If it was all that easy, I would expect that whatever gave us self-reproducing wet nanomachines four billion years ago would have solved it - the ocean has been full of protists and free swimming virii, exchanging genetic instructions and evolving freely, for a very long time. This system certainly has a great deal of raw computing power, perhaps even more than it would appear on the surface. If she (the living ocean system as a whole) isn't wiser than the average individual human, I would be very surprised, and she apparently either couldn't create such a runaway explosion of intelligence, or decided it would be unwise to do so any faster than the intelligence explosion we've been watching unfold around us.

To be more precise, it was 40m to simulate 1% of the neocortex.

Using Moores law we can postulate that it takes 17 years to increase computational power a thousand fold and 34 years to increase it a million times. So that should give you more intuïtion of what 1% actually means. In the course of a couple decades it would take 4 minutes to simulate 1 second of an entire neocortext (not the entire brain).

That doesn't sound too impressive either, but bear in mind that human brain <> strong AI. We are talking here about the physics model of the human brain, not the software architecture of an acutal AI. We could make it a million times more efficient if we trim the fat and keep the essence.

Our brains aren't the ultimate authority on intelligence. Computers already are much better at arithmetic, memory and data transmission.

This isn't considered to be intelligence by itself, but amplifies the ability of any AI at a much larger scale. For instance, Watson isn't all that smart because he had to read the entire Wikipedia and a lot of other sources before he could beat people on Jeopardy. But... he did read the entire Wikipedia, which is something no human has ever done.

Using Moores law we can postulate that it takes 17 years to increase computational power a thousand fold and 34 years to increase it a million times.

You are extrapolating Moore's law out almost as far as it's been in existence!

We could make it a million times more efficient if we trim the fat and keep the essence.

It's nice to think that, but no one understands the brain well enough to make claims like that yet.

You are extrapolating Moore's law out almost as far as it's been in existence!

Yeah.

Transistor densities can't increase much further due to fundamental physical limits. The chip makers all predict that they will not be able to continue at the same rate (and been predicting that for ages).

Interestingly the feature sizes are roughly the same order of magnitude for brains and chips now (don't look at the neuron sizes, by the way, a neuron does far, far more than a transistor).
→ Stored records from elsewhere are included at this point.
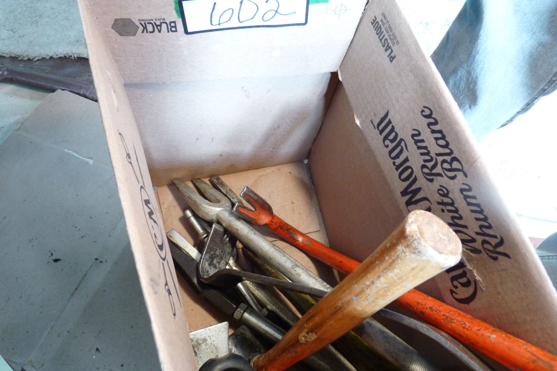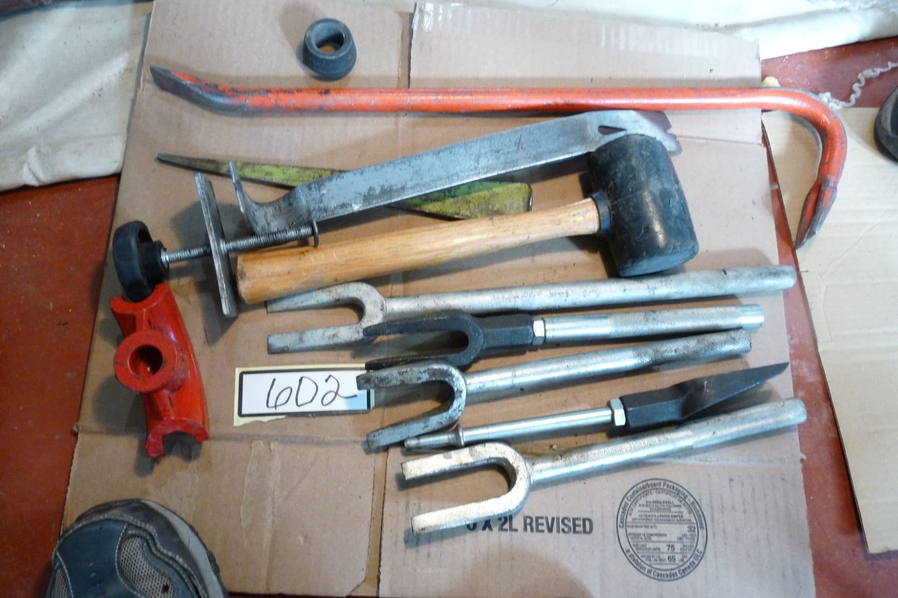 Tie rod tools, nail puller, rubber mallet misc. tools including wrecking bar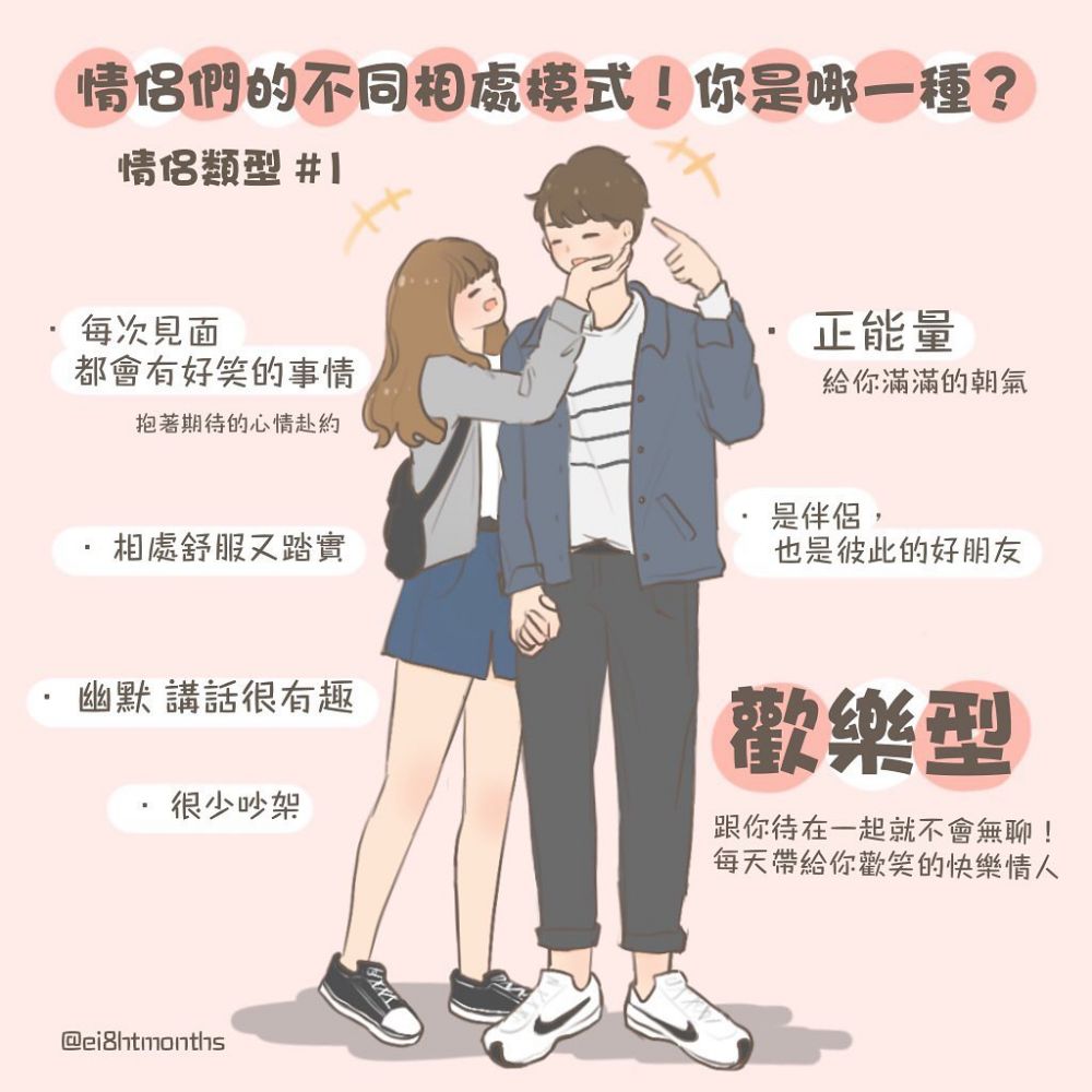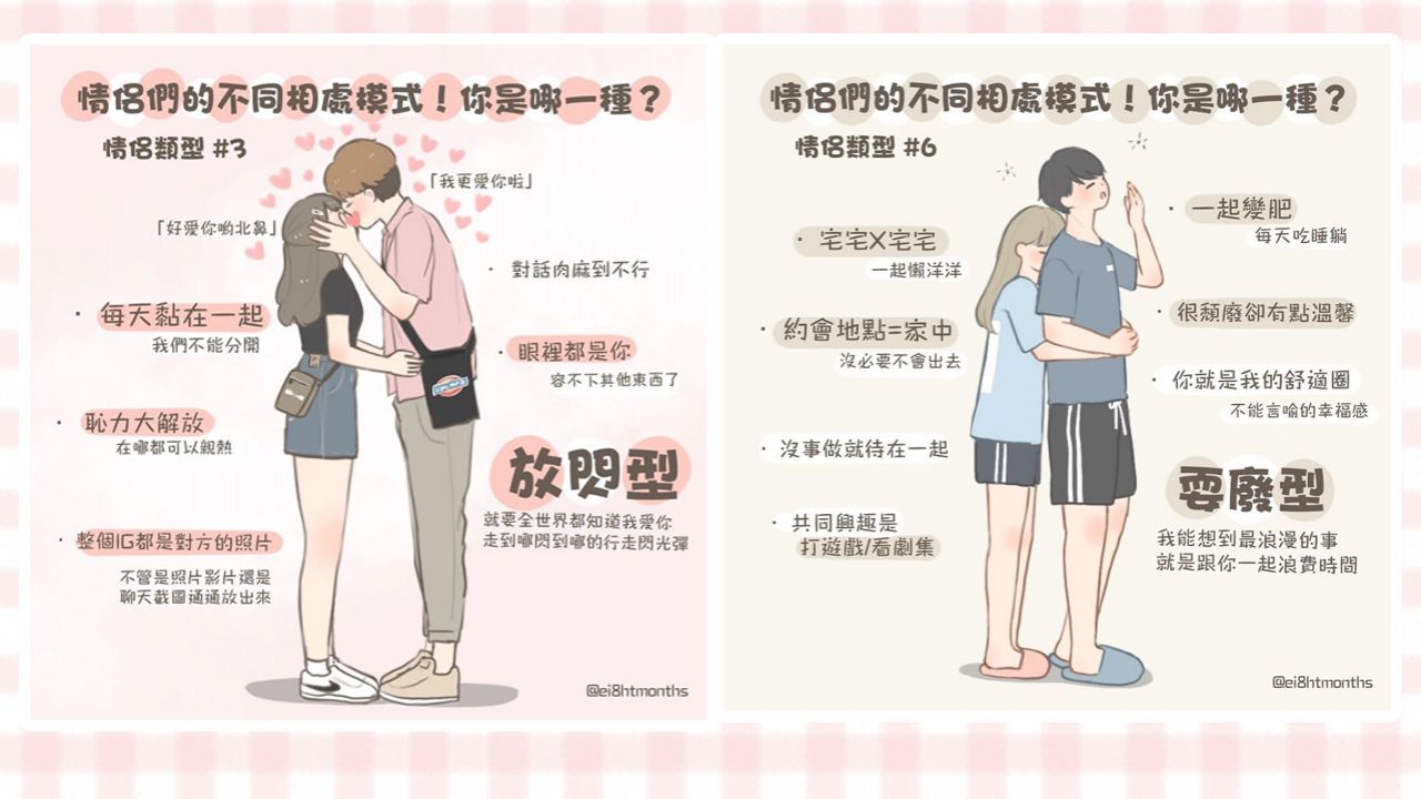 每次在街上看到一對對的愛侶,都會忍不住想看看他們的相處模式,最後發現實在是每一種都有自己獨特的風格和情趣!一位香港的插畫家「捌月插畫」繪畫出6種情侶相處模式的不同,不少人都直呼十分中肯!不知道你和另一半是屬於哪一型呢?一起來看看吧!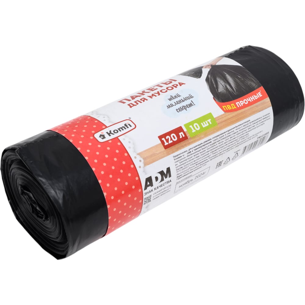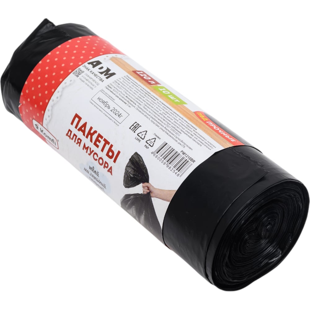 Мешки для мусора в рулоне (ПВД; 35 мкм; 120 л; чёрные) Komfi 115160
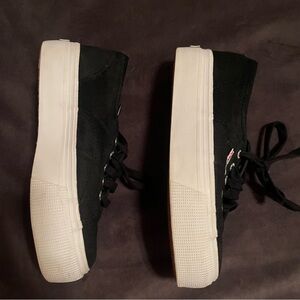 Superga’s signature aesthetic reaches new heights in these 2790 sneakers that pair the iconic silhouette with a 1.5 in platform. The breathable cotton canvas comfortable and sturdy.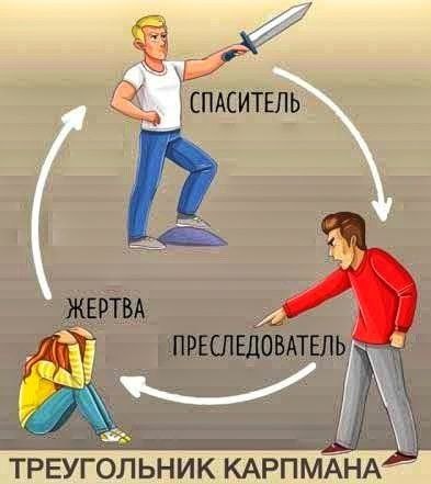 Треугольник Карпмана: Психологические Роли в Отношениях Привет, друзья! 🌟 Сегодня мы разберем одну интересную концепцию из транзактного анализа — треугольник Карпмана. Представьте себе три роли: спасатель, жертва и преследователь. Эти роли могут меняться, и каждый из нас может оказаться в любой из них — даже за несколько секунд! Давайте разберемся, как это работает и что важно знать. Роли в Треугольнике 1. Спасатель 🦸♂️ - Спасатель всегда в позиции силы. Он заботится о других, но часто делает это, чтобы чувствовать себя лучше. - Пример из жизни: представьте, что вы помогаете другу, который всё время попадает в трудные ситуации. Сначала вы чувствуете себя важным, но с каждым разом это требует всё больше усилий. Ваша доброта может превратиться в зависимость, пока ваш друг не начнет ожидать помощи как должное. 2. Жертва 🙁 - Жертва чувствует себя беспомощной и часто не берет на себя ответственность за свои действия. Она становится "пищей для спасателей", заставляя их "спасать" её
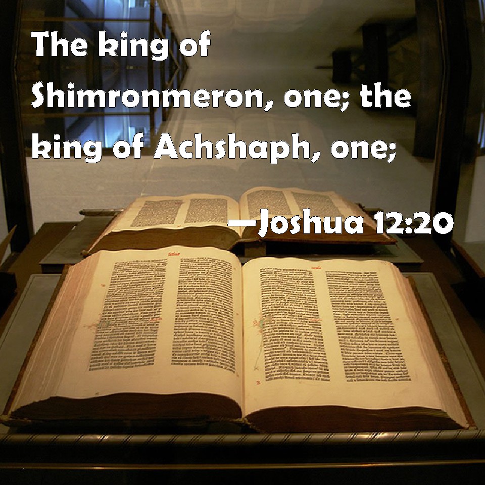 Choose a Background Joshua 12:20 The king of Shimronmeron, one; the king of Achshaph, one; KJV: The king of Shimronmeron, one; the king of Achshaph, one; DRB: The king of Semeron one, the king of Achsaph one, DBT: the king of Shimron-meron, one; the king of Achshaph, one; ERV: the king of Shimron-meron, one; the king of Achshaph, one; WBT: The king of Shimron-meron, one; the king of Achshaph, one; WEB: the king of Shimron Meron, one; the king of Achshaph, one; YLT: The king of Shimron-Meron, one; The king of Achshaph, one;Links Joshua 12:20 NIV • Joshua 12:20 NLT • Joshua 12:20 ESV • Joshua 12:20 NASB • Joshua 12:20 KJV • Joshua 12:20 Interlinear • Joshua 12:20 Commentaries • Joshua 12:20 Parallel Texts • Joshua 12:20 Bible Apps • Joshua 12:20 Parallel • Bible Hub |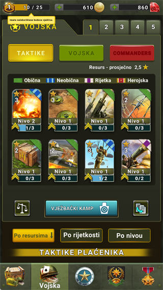 每套牌中玩家最多可以拥有8个战术和4个部队。要装备一张卡牌,你必须从“陆军”选项卡中的“可用战术”或“预备部队”部分中选择它,然后按“使用”并选择一张你想要替换的卡牌,或者如果你碰巧有的话,选择你牌组中的空白区域一。要了解每个级别的最佳卡组是什么,请单击此处。
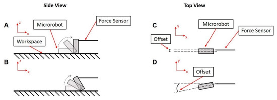 Force measurement was conducted in a static test case where the individual microrobot started from a rest position (performing a half rotation and then recording the force) and a dynamic test case where the microrobot was already in motion (performing several rotations and then recording the force). Additionally, for the dynamic tests, magnet rotation frequencies were alternated between 1.0 and 1.5 Hz to explore any potential effects from a difference in speed. Results show that the forces remained around the same range for all cases (from 2 to 10 μN) with a few force spikes getting over 30 μN (Table 4). Since the microrobot was manually aligned and subject to unpredictable surface forces, the microrobot did not always directly hit the force sensor resulting in the variance in the forces measured. Deviations from the ideal, straight-line contact caused variations in the resulting forces. Figure 7 outlines these deviations, showing the ideal contact position that results in the maximum force reading in Figure 7A and also the possible misalignment that contributes to the large variance in force results in Figure 7B–D. The puncture force for pig (liver and skin) and other animal tissues ranges from approximately 0.2 to 2 N [44], a force four orders of magnitude greater than the maximum force the microrobot is capable of applying. Thus, it can be concluded that the tumbling motion of the microrobots does not run the risk of tissue damage or puncture.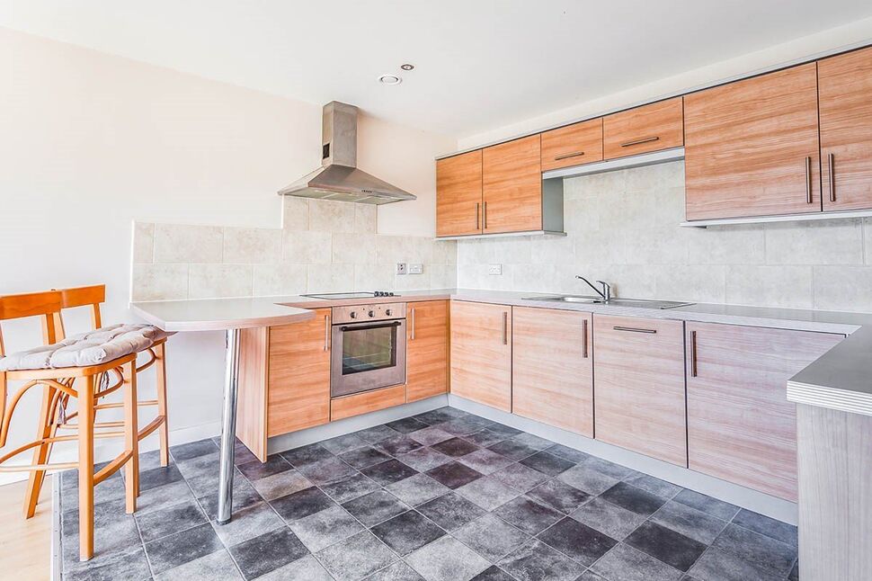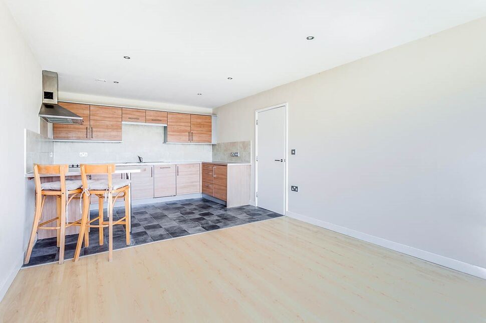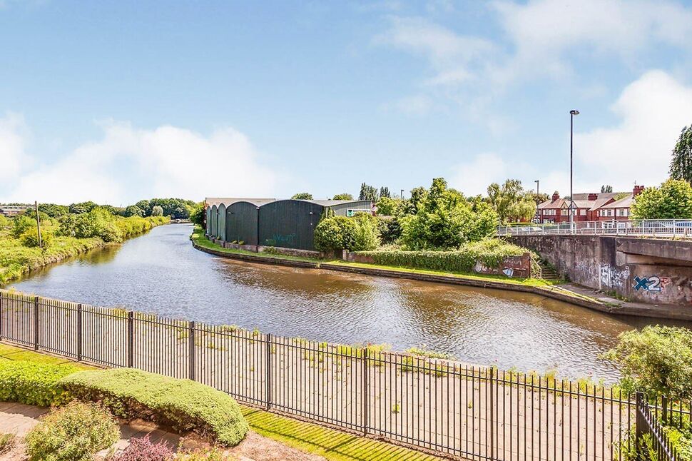 Beautiful open plan space with laminate flooring throughout. Double glazed window to rear aspect with balcony overlooking the canal having beautiful views. Electric wall heater. Ceiling downlighters. Superb fitted kitchen with modern medium oak effect units with complementary work surfaces. Integrated electric oven and hob with chimney style extractor fan, washer, fridge and dishwasher. Part tiled around work surface area. Stainless steel sink and drainer. Built-in breakfast bar.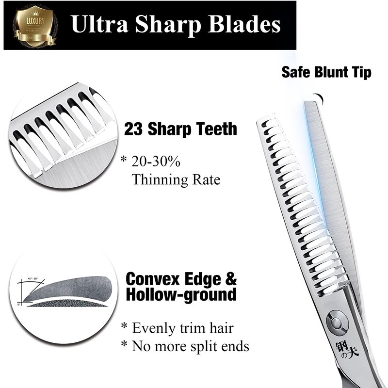 - ✄PREMIUM QUALITY - Made of high-quality Japanese stainless steel and tempered with precise blades and hand-sharpened edges, our hair cutting/thinning scissors is a good choice to trim or texturize hair for stylish looks.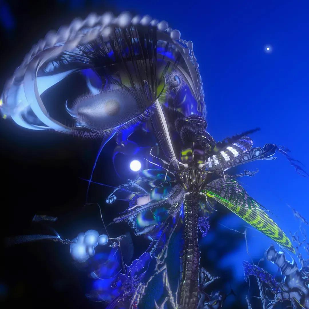 由于昆蟲是一種節(jié)肢動(dòng)物,在身體結(jié)構(gòu)上也是一種模塊化的結(jié)合方式,這個(gè)特點(diǎn)和機(jī)器很像。大悲宇宙覺得這可以很好的銜接機(jī)械設(shè)計(jì)的美學(xué)邏輯,在那個(gè)階段他嘗試了甲蟲、螳螂各種各樣的小昆蟲,最終發(fā)現(xiàn)蝴蝶具有非常好的承載能力,因?yàn)楹m然是一個(gè)三維生物但是是二維的呈現(xiàn),算法在蝴蝶上的呈現(xiàn)只需要將蝴蝶平鋪開來就可以顯示所有的信息,并且在一張圖片中就可以完成,而其他生物則需要三視圖來將所有信息鋪展出來,并且最重要的一點(diǎn),蝴蝶上所承載的紋理和造型不管是哪種形狀給人的感覺都不會(huì)有非常大的抵觸感,在表現(xiàn)力和算法的有效性上蝴蝶都存在極大的優(yōu)勢,最后大悲宇宙從最開始的奇奇怪怪的昆蟲落地到了蝴蝶上面。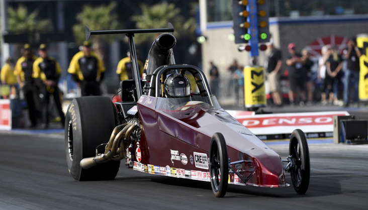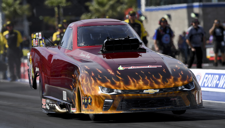 Since his first national event title last year in Seattle, Marshall has become one of the performance leaders in Top Alcohol Funny Car, and he proved it in Las Vegas, where he stopped Doug Gordon to win his second national event. Marshall made back-to-back runs of 5.46 and 5.47 in his wins against Brian Hough and reigning champ Sean Bellemeur and then won the final with an off-pace 5.70 after Gordon slowed to a 6.15. [video]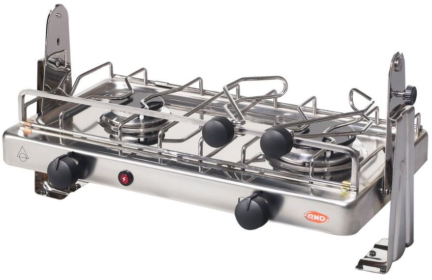 Compact and lightweight, the DUO is designed for use on boats. It features a large rapid burner and a second medium burner.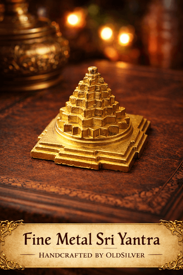 Invite divine energy and prosperity into your space with this Gold-Plated Metal Shree Yantra, a powerful symbol of sacred geometry and spiritual harmony. Intricately crafted in metal and finished with radiant gold plating, this compact yantra is ideal for daily pooja, meditation altars, vastu remedies, and spiritual gifting.
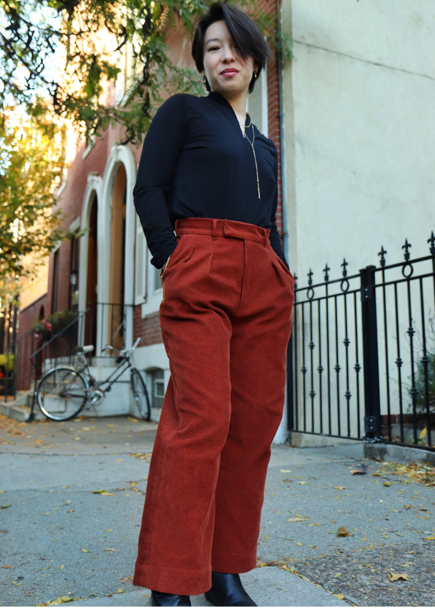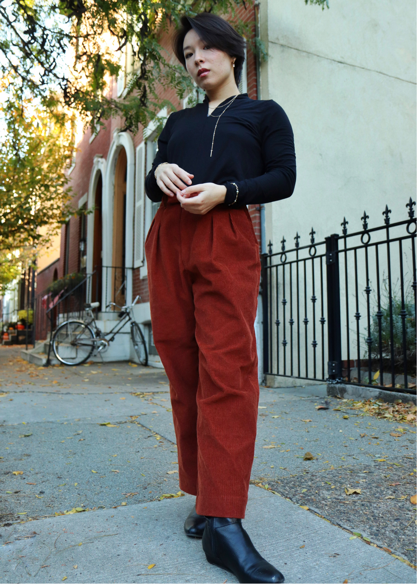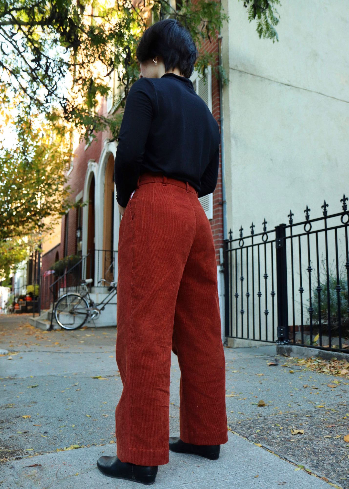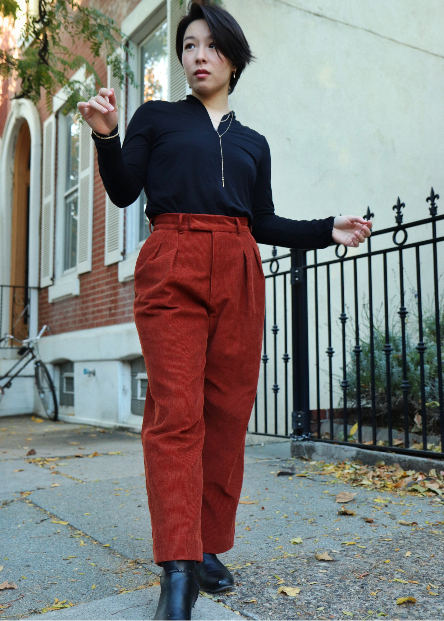 Ora in the grey suiting V1 and rust corduroy V2 is wearing size B with rise shortened 1.5" and inseam shortened 4". They are 5' tall with 26" waist and 35" hip

What we can do is building chips in multiple layers, but because making a layer is the bottleneck, not the physical volume, that won't help a whole lot with costs. Transistors are also faster, but produce more heat, and efficiency wise not much ahead (if at all).

Bottom line is, even without the simulation penalty, it's way off.

In near term, we can probably hack together some smaller neural network (or homologous graph-based thing) hard wired to interface with some language libraries, and have it fool people into superficially believing it's not a complete idiot. It can also be very useful when connected together with something like mathematica.

But walking around in the world and figuring out that the stone can be chipped to be sharper, figuring out that it can be attached to a stick - the action space where such inventions lie is utterly enormous. Keep in mind that we humans are not merely intelligent. We are intelligent enough to overcome the starting hurdle while terribly inbred, full of parasites, and constantly losing knowledge. (Picking a good action out of an enormous action space is the kind of thing that requires a lot of computational power). Far simpler intelligence could do great things as a part of human society where many of the existing problems had their solution space trimmed already to a much more manageable size.

No one understands the brain well enough to actually do it, but I'd be astonished if this simulation weren't doing a lot of redundant, unnecessary computations.